Pangenome indexing
Indexing genomic diversity with sequence graphs
A linear reference chooses one path through a species’ variation. That simplification made modern genomics possible, but it creates reference bias: divergent sequence can be harder to align, genotype, and interpret. A pangenome represents many genomes together so shared sequence and alternative alleles remain part of the reference.
Graphs are a natural representation for this diversity. Common regions can share nodes and edges; divergent haplotypes can follow different paths. The draft Human Pangenome Reference (Liao et al., 2023) demonstrates why this matters at human scale, while tools such as vg (Garrison et al., 2018) show that graph references can support read mapping and variant analysis.

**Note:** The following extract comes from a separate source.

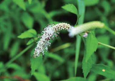 꽃은 위에서부터 피고 흰꽃이며 꽃 이삭은 원줄기 끝과 가지 끝에 달려 곧게 서거나 끝이 약간 처진다. 식용, 약용.

Representation alone is not enough. A practical pangenome must be searchable without scanning every genome independently. The challenge is to preserve graph diversity while recovering the speed and compactness of string indexes.
Questions that drive my work
The first question is which graph structures admit efficient indexes. For a string, the Burrows–Wheeler Transform and FM-index support compact full-text search (Ferragina and Manzini, 2005). Some graph classes generalize that structure, but arbitrary graphs do not inherit the same guarantees. Biological representation therefore constrains the available search algorithms.
The second is how to recognize useful structure. Wheeler graphs (Gagie et al., 2017) are edge-labeled graphs whose nodes admit an order compatible with edge labels, extending BWT-style indexing to graphs. Recognizing that order is NP-complete and hard to approximate (Gibney and Thankachan, 2019). The class is practical only if we can recognize members, produce an order, and explain failures at realistic sizes.
The third is how to trust a solver-backed algorithm. Heuristics and satisfiability solvers can make hard problems practical, but speed is not correctness. Every accepted graph should have an independently checkable order, and optimizations should preserve decisions.
I am also interested in repair rather than diagnosis alone: when a graph lacks an indexable structure, can we construct a related graph while preserving the biological paths that matter?
Directions I have explored
Making Wheeler graphs usable
I developed the Wheeler Graph Toolkit (WGT) (Chao et al., 2023) so researchers could generate, recognize, and visualize Wheeler graphs. The project addressed a practical gap between theoretical recognition algorithms and a complete workflow for deciding and inspecting an input graph.
WGT’s recognizer, Wheelie, combines a fast renaming heuristic with exact solvers. Incoming labels constrain where a node can appear; propagating those constraints resolves much of the order before search begins. Remaining ambiguity goes to permutation search or an SMT solver. The pattern is simple: use inexpensive structure to shrink the problem, then apply an exact method where uncertainty remains.
Generators provide known examples and counterexamples, while visualization makes the structure behind a solver result inspectable.
Verification, scaling, and graph repair
I have continued this work by separating correctness, capacity, and speed. Current methods compare recognition with an independent brute-force oracle on small graphs, re-validate every emitted order, and use regression tests to ensure faster encodings do not change decisions.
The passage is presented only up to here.